Euronavs verdienmodel is allesbehalve hoogtechnologisch van aard, maar zeker noodzakelijk: het bedrijf bezit een vloot schepen die worden ingeschakeld voor het transporteren en de opslag van ruwe olie. In een maatschappij die nog in grote mate steunt op fossiele brandstoffen, is die activiteit nog niet snel weg te denken. De klanten van Euronav zijn bedrijven die olie ontginnen en verwerken, verspreid over de wereld.
De vloot van het Belgische bedrijf bestaat vooral uit tankers, die als doel hebben om olie te transporteren van de ene locatie naar de andere, via zeeën en oceanen. Dat kan via langetermijncontracten of via éénmalige transportopdrachten voor klanten. Eén type tanker; de VLCC of ‘Very Large Crude Carrier’, is veruit de meest voorkomende in de vloot. Zulke schepen kunnen al snel twee miljoen vaten olie opslaan in het laadruim en zijn ongeveer 300 meter lang. Euronav richtte dan ook samen met andere spelers ‘Tankers International’ op, een bedrijf dat de grootste ‘pool’ aan VLCC’s omvat, om grote projecten te bolwerken voor klanten.

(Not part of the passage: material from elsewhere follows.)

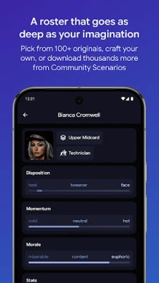 Design your own wrestling universe or download scenarios created by the community. Customize promotions, championships, shows, and rosters, then share your creations with players worldwide.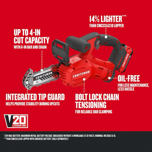 Trae las ramas. La motosierra de poda inalámbrica V20* viene equipada con una batería de 2,0 Ah y tiene una potencia de corte óptima para realizar hasta 85 cortes por carga. Con 6 pulgadas. barra y cadena, tiene una capacidad de corte de hasta 4 pulgadas. para hacer el trabajo. Con un 50% más compacto y un 14% más liviano que el CMCCSL621B, tiene facilidad de uso y maniobrabilidad. El protector de punta integrado es una gran característica y está diseñado para ayudar a proporcionar control sobre los cortes superiores. La plataforma de batería V20* es compatible con los equipos y herramientas eléctricas para exteriores CRAFTSMAN® V20*. Encontrará la línea completa de herramientas y equipos para exteriores esenciales para un trabajo del que se sienta orgulloso.

De andere categorie schepen in de vloot is de FSO of ‘Floating Storage and Offloading Unit’, een schip bedoeld voor het verwerken en de opslag van olie bij het opboren in olievelden ver van de kustlijn. Eerst wordt het mengsel van ruwe olie en water door het schip gesplitst en vervolgens slaat men de olie op aan boord. Het schip zuivert het water en stoot het daarna af, terug in de oceaan . Momenteel heeft Euronav twee zo’n vaartuigen.